Joint employer, overtime rules top fall agency list

On October 17, the Agency Rule List for Fall 2018 was released, with notable developments at the Department of Labor, the EEOC, and the National Labor Relations Board. Although the NLRB’s proposed joint employer rulemaking was announced previously, the DOL’s proposed rules to define “joint employer” under the FLSA will be new. And the long-awaited overtime rule amendments are now not expected until March 2019.

Wage and Hour Division

At the Department of Labor, there are five proposed rulemakings that the Wage and Hour Division is undertaking that are of particular interest.

Overtime rules.

The first is the closely watched so-called “white collar” exemption to the overtime rule. On July 26, 2017, the WHD issued a request for information on defining and delimiting the exemptions for executive, administrative, professional, outside sales, and computer employees. The comment period ended September 25, 2017. The WHD expects to issue a notice of proposed rulemaking in March 2019. The big question here is what salary level at which overtime requirements would kick in.

Determining joint employment

. Another controversial regulatory action is the notice of proposed rulemaking on joint employment under the FLSA that the WHD expects to issue in December 2018. The division will propose to clarify the contours of the joint-employment relationship to assist the regulated community in complying with the FLSA. Here the question is how narrowly the WHD will draw the criteria under which an employer will be found to jointly employ another employer’s workers.

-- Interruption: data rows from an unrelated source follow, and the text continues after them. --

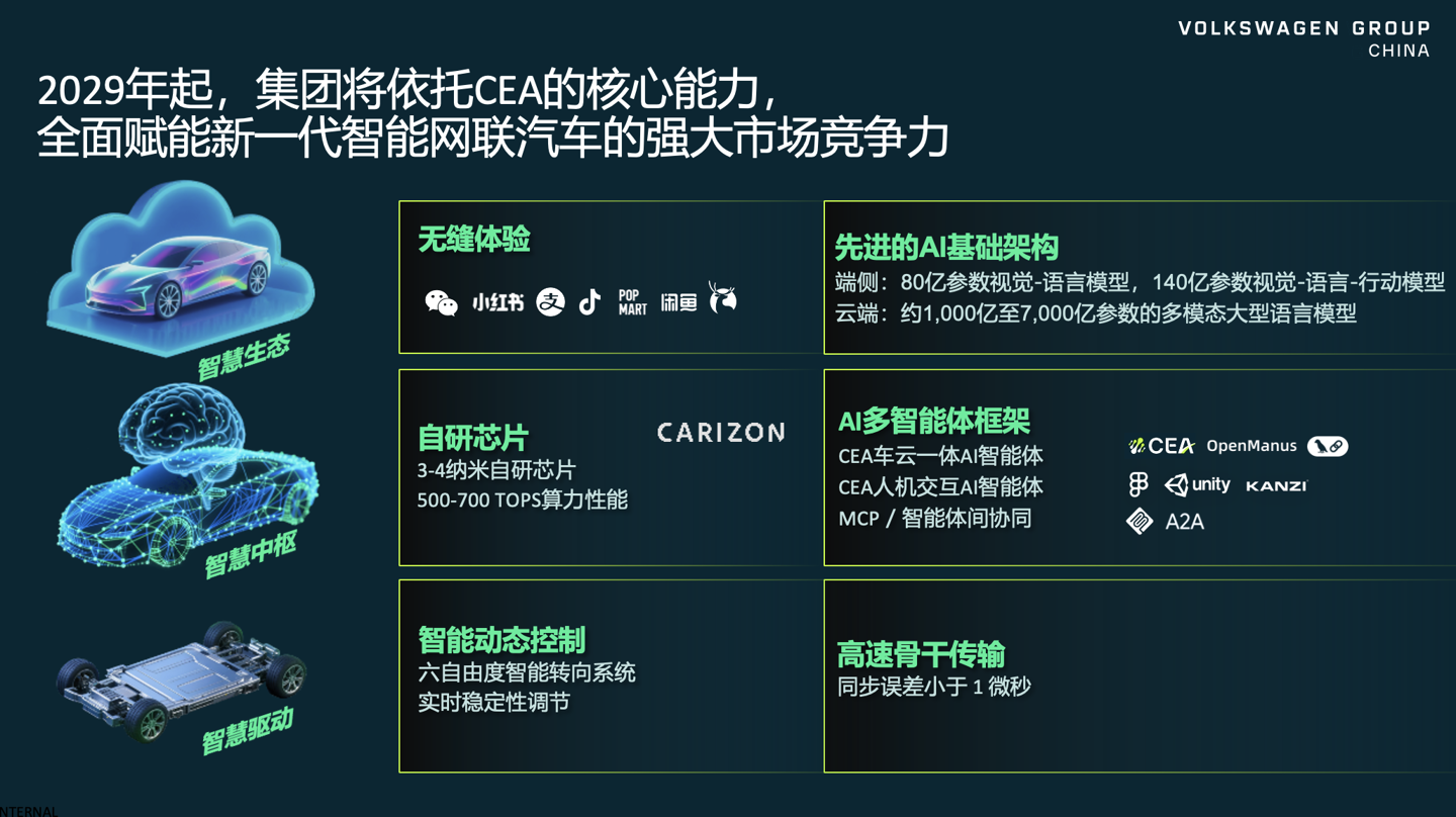 据介绍,CEA 架构 1.0 是快速补齐大众汽车集团在电子电气架构领域里的不足。今年年底提供第一辆车,从明年开始将有 4 辆车搭载 CEA 架构;从 CEA 架构 2.0 的开始,会做水平方向的拓展,不仅会支持 A 型车,同时会将整车 CEA 架构达到 D 型车。另外还有多动力的支持,CEA 2.0 将支持纯电、增程、混电,这是大众历史上第一次电子电气架构这么充分达到所有的车平台;另外,CEA 架构每两年迭代一次,2027 年出 CEA2.0,2029 年将是 CEA 的 3.0。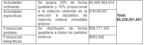 El financiamiento que se otorga a los partidos políticos está basado en la fórmula que establece la Constitución mexicana y se divide en cuatro rubros: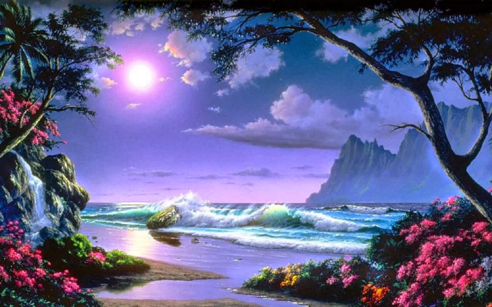 Description: A painting of a beach with a full moon and a full moon in the sky above the water and a mountain.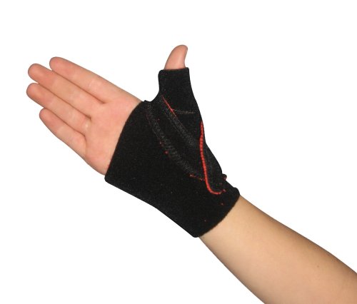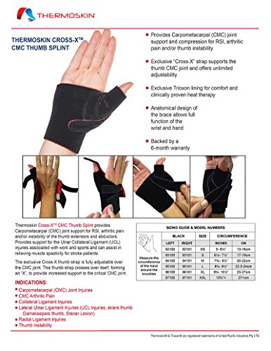 ReleaseDate : 2015-05-28 Studio : Thermoskin Publisher : Thermoskin Binding : Health and Beauty Product Description Thermo skin Cross-X CMC Thumb Splint provides Carpometacarpal (CMC) joint support for RSI, arthritic pain and/or instability of the thumb extensors and abductors. Provides support for the Ulnar Collateral Ligament (UCL) injuries associated with work and sports and can assist in relieving muscle spasticity for stroke patients. The exclusive Cross-X thumb strap is fully adjustable over the CMC joint. This thumb strap crosses over itself, forming an "X", to provide increased support to the critical CMC joint. In a recent study Thermo skin Thermal Supports provided "Considerable Relief" or "Total Relief" of pain in 83% of patients. Sizing Guide: Measure the circumference the hand around the knuckle. X-Small 5 - 6 1/4 inches. Small 6 1/2 - 7 1/2. Medium 7 3/4 - 8 1/2. Large 8 3/4 - 9 1/2. X-Large 9 3/4 - 10 1/2. XX-Large 10 3/4 - 12 inches. 0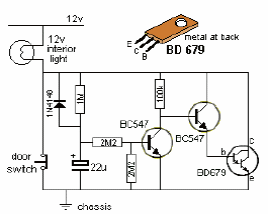 The purpose of this circuit is to keep the courtesy light of a car on for an additional time given by the 22 uF capacitor. The circuit is from recent English documentation, using components that are still common in our market. The circuit is for lamps but can be adapted for LEDs.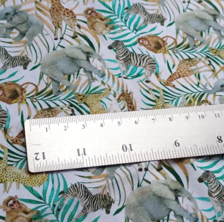 Size - the quilting cottons are a standard FQ (50 by 55cm), the safari poplin is wider (50 by 70cm).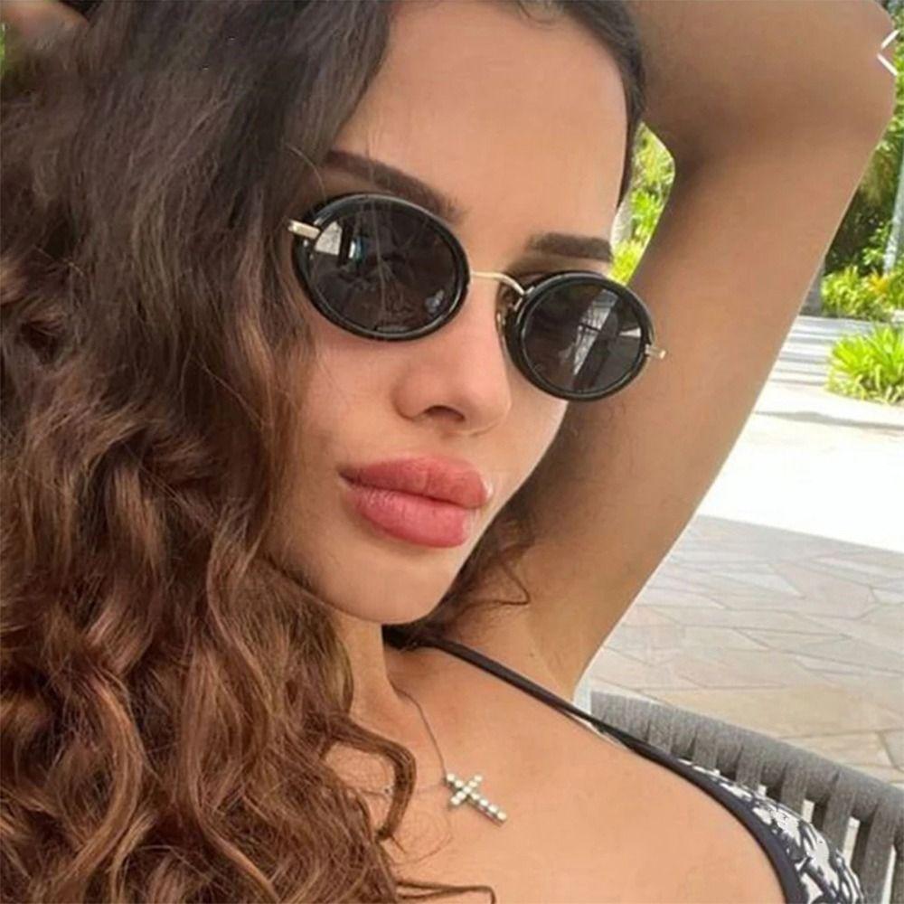 Защита UV400 Овальные солнцезащитные очки с небольшой металлической оправой Очки в стиле ретро Y2K для женщин и мужчин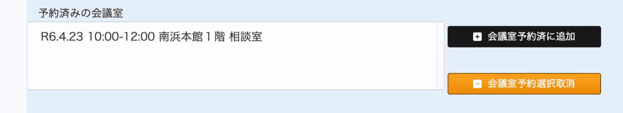 ④ 予約を確定させます。クリックすると右の図のようになります。会議室をクリックして取り消すことができます。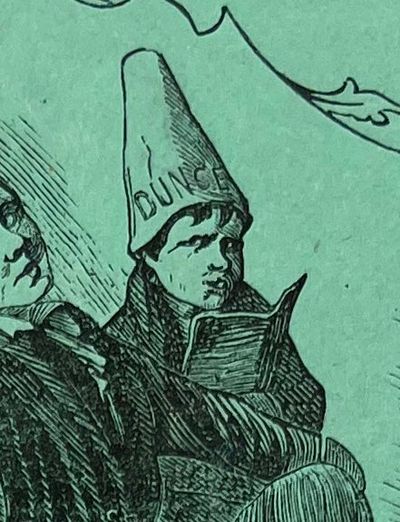 Copy Book of Marie E. Merrill with Entertaining Cover Design -- Cheeky School Boys, Dunce Cap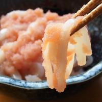 北海道産の真イカ/たっぷり500g前後を極細切りにし、1柵ずつグレース(氷の膜)をかけました。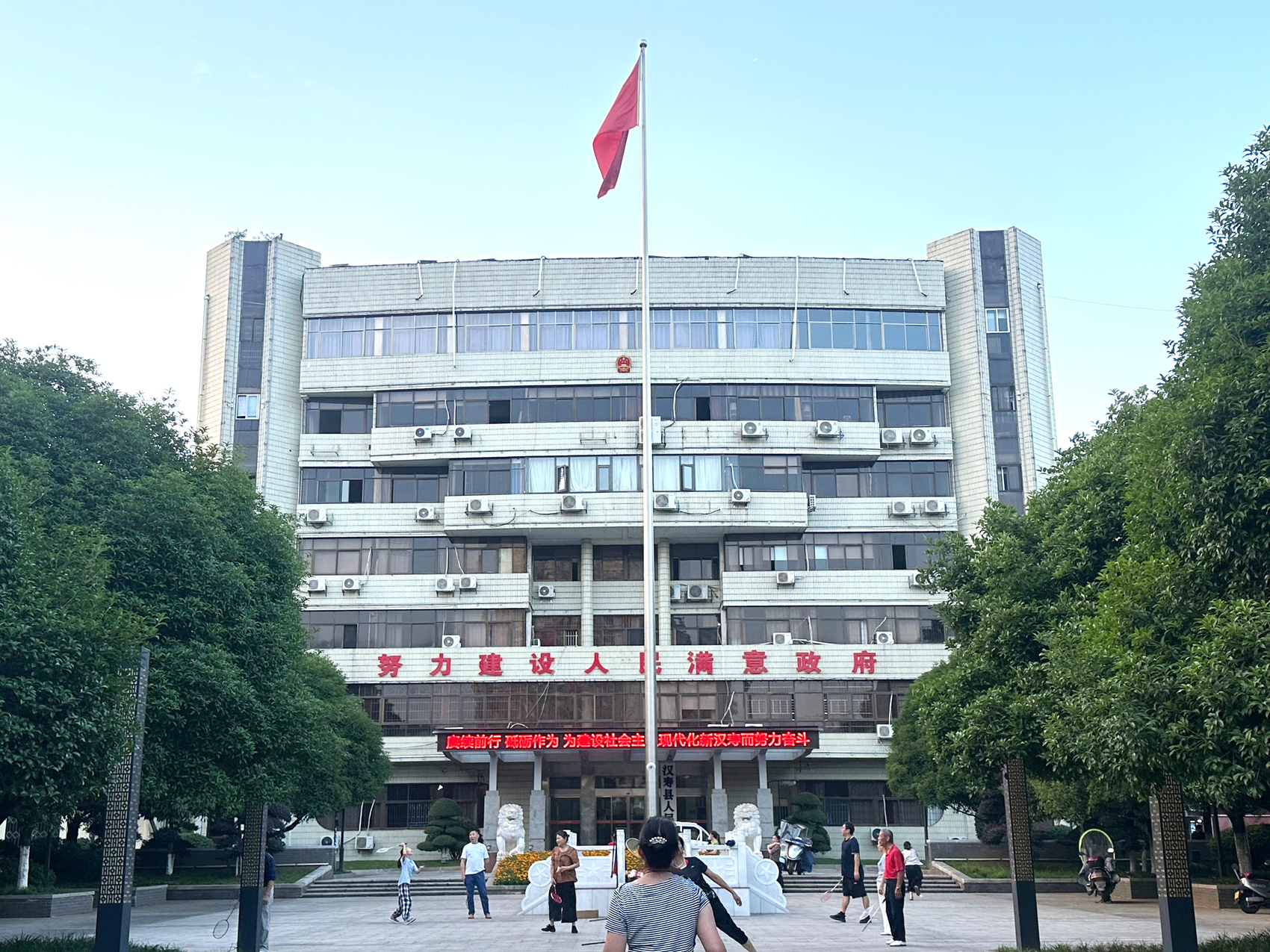 汉寿县政府大院前,当地居民正在打羽毛球、跳广场舞。(熊力/摄)
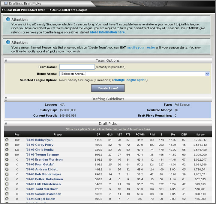 Build a team of stars from throughout NHL history. Gretzky and Hull on the same line? Defense of Bobby Orr and Denis Potvin with Bernie Parent in the net? You can do it all.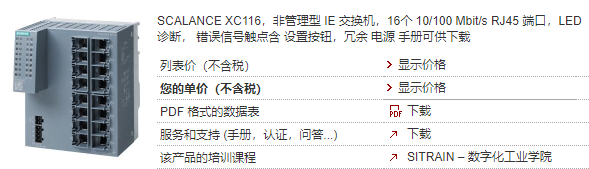 SCALANCE XC116,非管理型 IE 交換機,16個 10/100 Mbit/s RJ45 端口,LED 診斷, 錯誤信號觸點含 設置按鈕,冗余 電源 手冊可供下載 |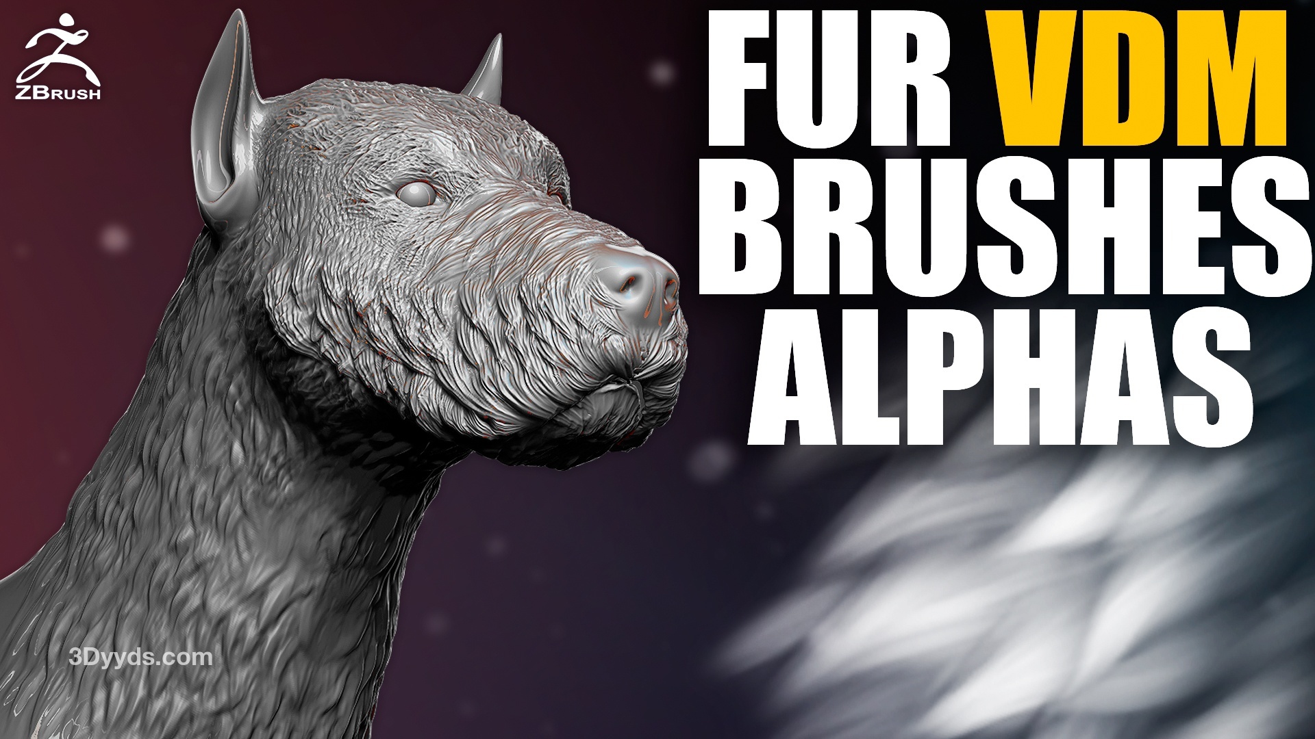 zbrush320-14款动物狗狼犬类生物毛皮细节VDM笔刷

FLSA regular and basic rates

. The WHD also intends to issue a notice of proposed rulemaking in December 2018 on regular and basic rates under the FLSA, which would update Part 778 of the FLSA “to reflect the 21st century workplace,” specifically, changes in compensation practices and relevant laws. The regulatory action would provide guidance for employers offering these more modern forms of compensation and benefits regarding their inclusion in, or exclusion from, the regular rate. The clarification is intended to ensure that employers have the flexibility to provide such compensation and benefits to their employees. The DOL believes the proposed changes will facilitate FLSA compliance and reduce litigation regarding the regular rate. Additionally, the DOL will update Part 548.

Tipped workers

. In October 2018, the WHD intends to issue a new notice of proposed rulemaking on tip regulations under the FLSA. The first proposed rulemaking notice was issued December 5, 2017, with the comment period extended twice. The important question here is the circumstances under which employees’ tips may be pooled and the extent to which tips may be credited to meet minimum wage requirements.

Youth in health care

. Finally, the comment period on the WHD’s September 27, 2018, notice of proposed rulemaking on employment, training, and apprenticeship opportunities for 16- and 17-year-olds in health care occupations under the FLSA will close on November 26, 2018. The DOL is considering whether it should amend Hazardous Occupations Order No. 7 (occupations involved in the operation of power-driven hoisting apparatus) to reflect current economic and work environments and allow for safe and meaningful employment opportunities for youth in healthcare. Among the controversies here are concerns that 16- and 17-year-olds are generally not able to safely operate power-driven hoists.


At the National Labor Relations Board, the notice of proposed rulemaking on the standard for determining joint-employer status was issued on September 14, 2018. The comment period on the proposed rulemaking closes on November 13, 2018. The proposed rule is consistent with the standard announced in the Board’s Hy-Brand Industrial Contractors decision from December 2017, a failed effort to overturn the current, broader standard in place under the Obama Board’s Browning-Ferris ruling from 2015.


Two proposed rulemakings particularly notable at the EEOC are proposed amendments to the ADA and GINA regulations on the interaction between those statutes and employer-sponsored wellness programs. The EEOC expects to issue notices of proposed rulemaking under the ADA and under GINA in June 2019. In August 2017, the U.S. District Court for the District of Columbia ordered the EEOC to reconsider its earlier regulations. The proposed revisions will be based on the court’s order, as well as statutory requirements.